Nada tienen que ver estos nuevos intelectuales con la clase intelectual de los viajes mandarines, donde si algo nunca faltaba era grandeza. Nada que ver Diderot asesorando a Catalina la grande, o Vives a la princesa de Inglaterra, con la Sra. Fumaral asesorando al Sr. Sánchez; nada se parecen Descartes dando clases a Cristina de Suecia con el Sr. Miguel Ángel Rodríguez aleccionando a la Sra. Ayuso; nada comparable Erasmo consejero áulico de Carlos V con Pablo Iglesias cabeza pensante de Podemos.

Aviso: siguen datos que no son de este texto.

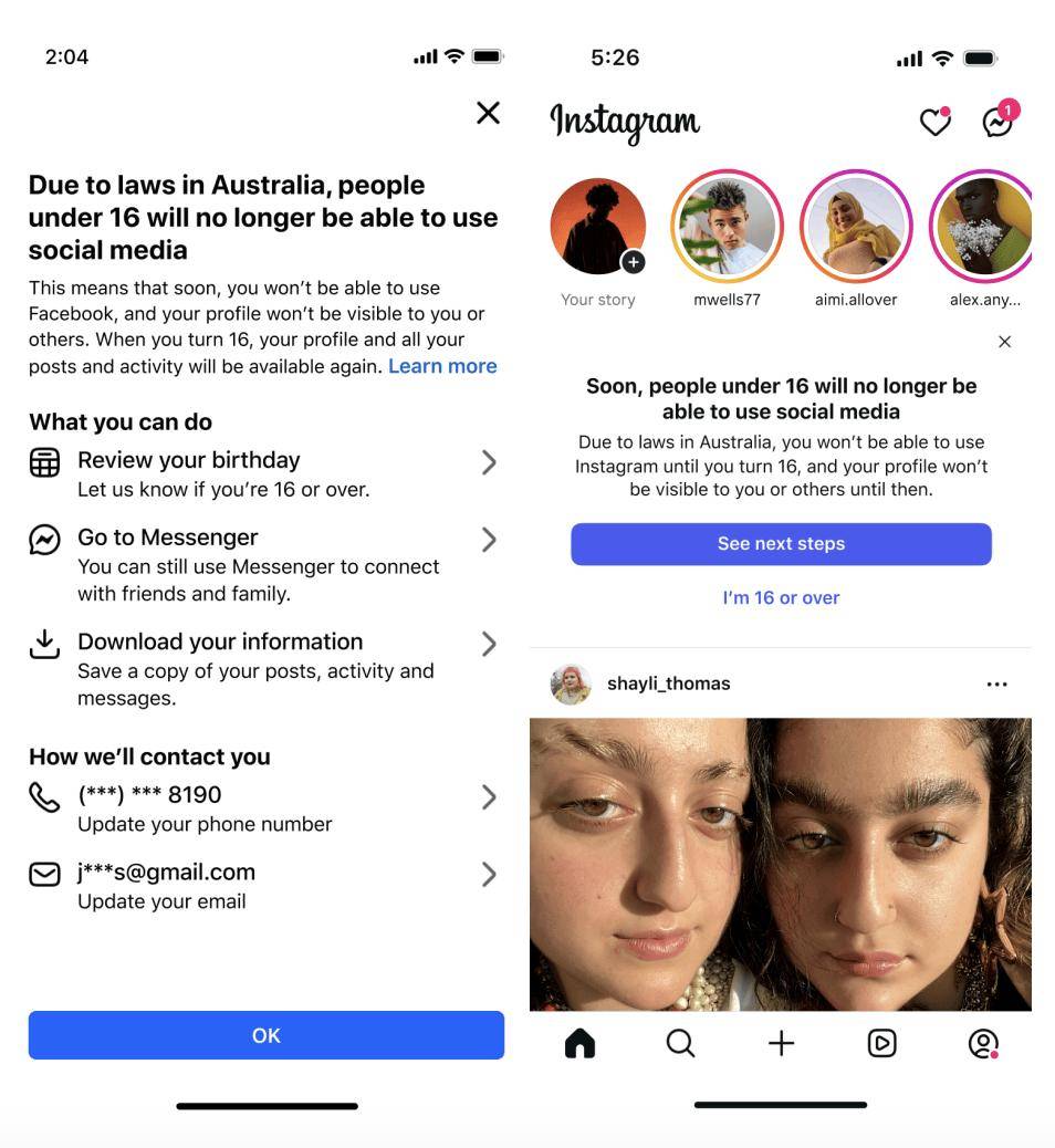 作為首家公開響應該禁令的科技企業,meta公司近日宣布,將從12月10日起停用澳大利亞境內所有未滿16歲用戶的Facebook和Instagram賬戶。根據其發布的通知,受影響用戶將在賬戶停用前14天通過應用內推送、電子郵件及短信收到提醒。盡管Messenger不在此次禁令范圍內,但meta承諾將允許這些用戶無需關聯Facebook賬戶即可繼續使用該服務。同時,自12月4日起,未滿16歲的用戶將無法注冊新的meta旗下應用賬戶。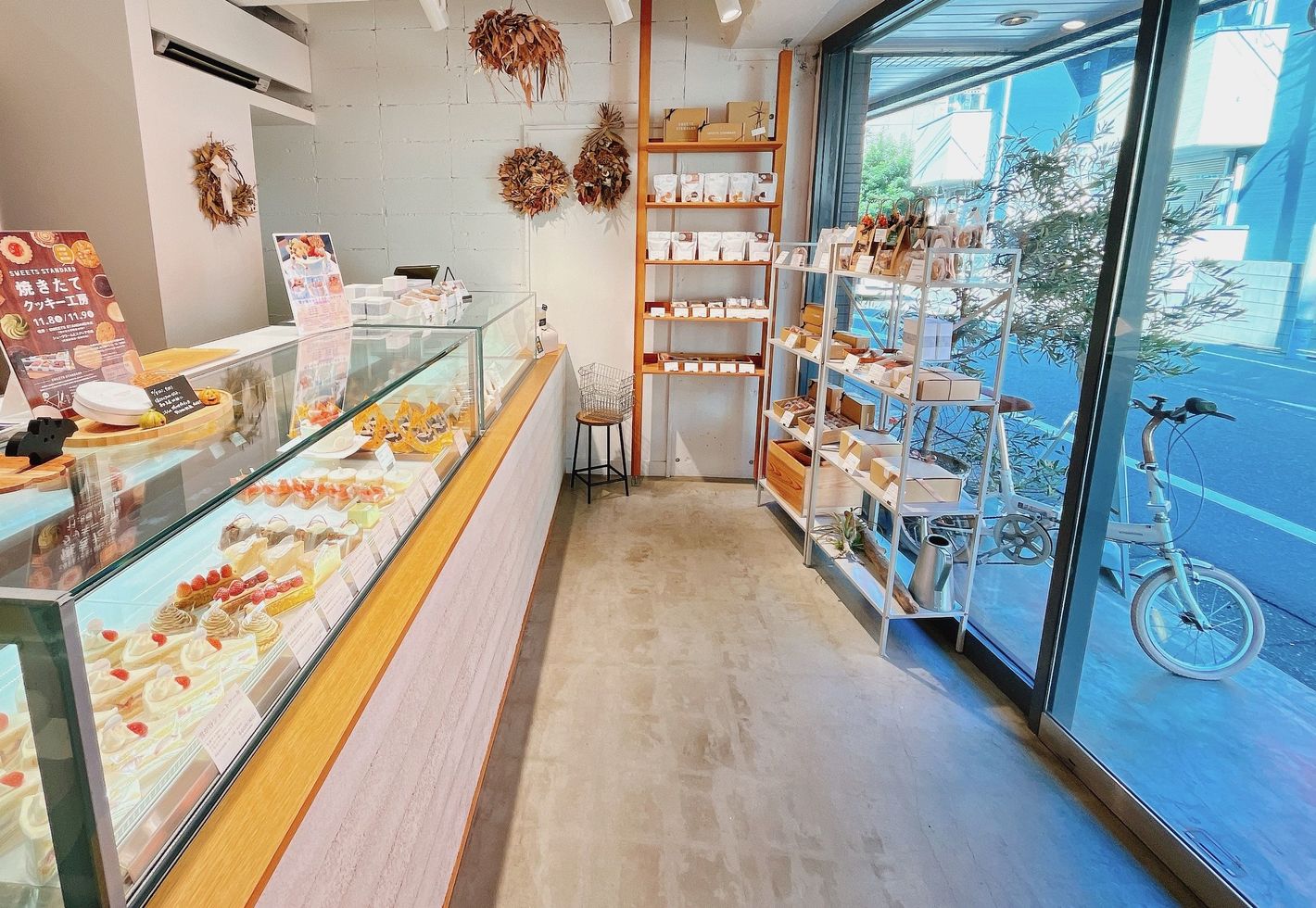 スイーツスタンダードの店内。地域の素材や季節の果物を使ったスイーツがショーケースに並んでいた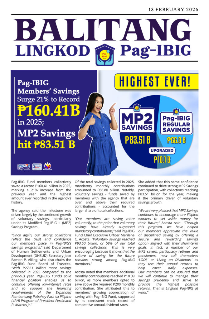 Pag-IBIG Fund members collectively saved a record P160.41 billion in 2025, making a 21% increase from the previous year and the highest amount ever recorded in the agencyโs history.
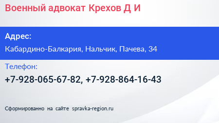 Военный адвокат Крехов Д.И. по адресу Кабардино-Балкария, Нальчик, Пачева, 34 в дальнейшем Организация, размещена в следующих категориях: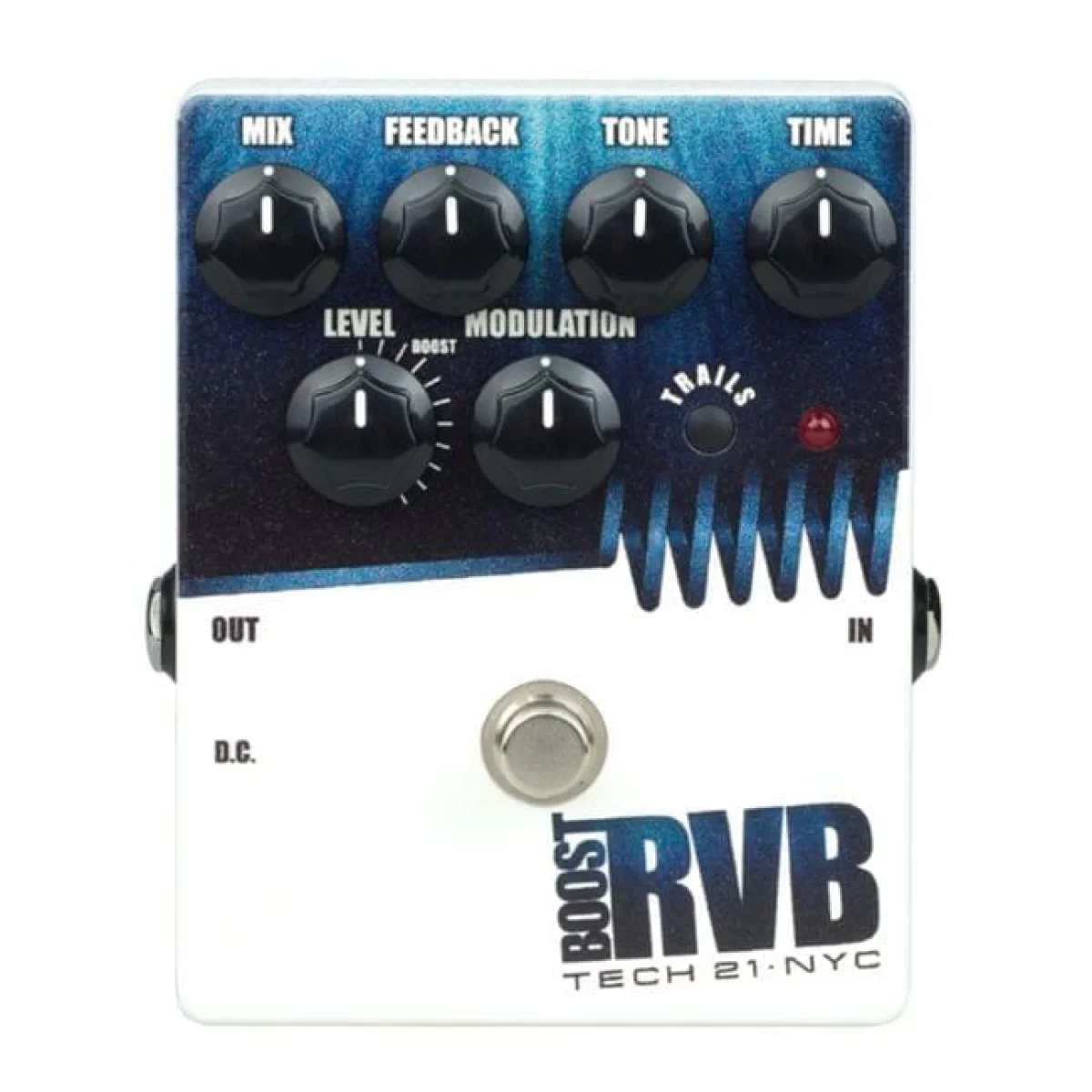 Это вторая версия педали Boost RVB, которая дополнена функцией Trails, которая, работа совместно с "байпассом", обеспечивает плавное выключение эффекта и угасание сигнала.

Pasaron a engrosar las filas de los intelectuales una mesocracia intelectual apabullante, resonante, unos vulgares «parvenus» que están a años luz de sus predecesores de la Ilustración y tiempos anteriores. Los Antón Losada, Risto Mejide, Jiménez Losantos, Pilar Rahola, Juan Soto Ivars, Bardem, Pedro Almodóvar y un larguísimo etcétera, me recuerdan al farmacéutico de pueblo de Madame Bovary, farmacéutico pueblerino que, por el hecho de ser universitario ya considera totalmente legitimados sus conocimientos, y está convencido que lo deben tratar con ceremoniosa consideración por ello.
Este personaje, monsiuer Homais, de Flaubert, de una medianía intelectual tan patente y aguda, es el emblema o símbolo de la nueva y chispeante clase intelectual.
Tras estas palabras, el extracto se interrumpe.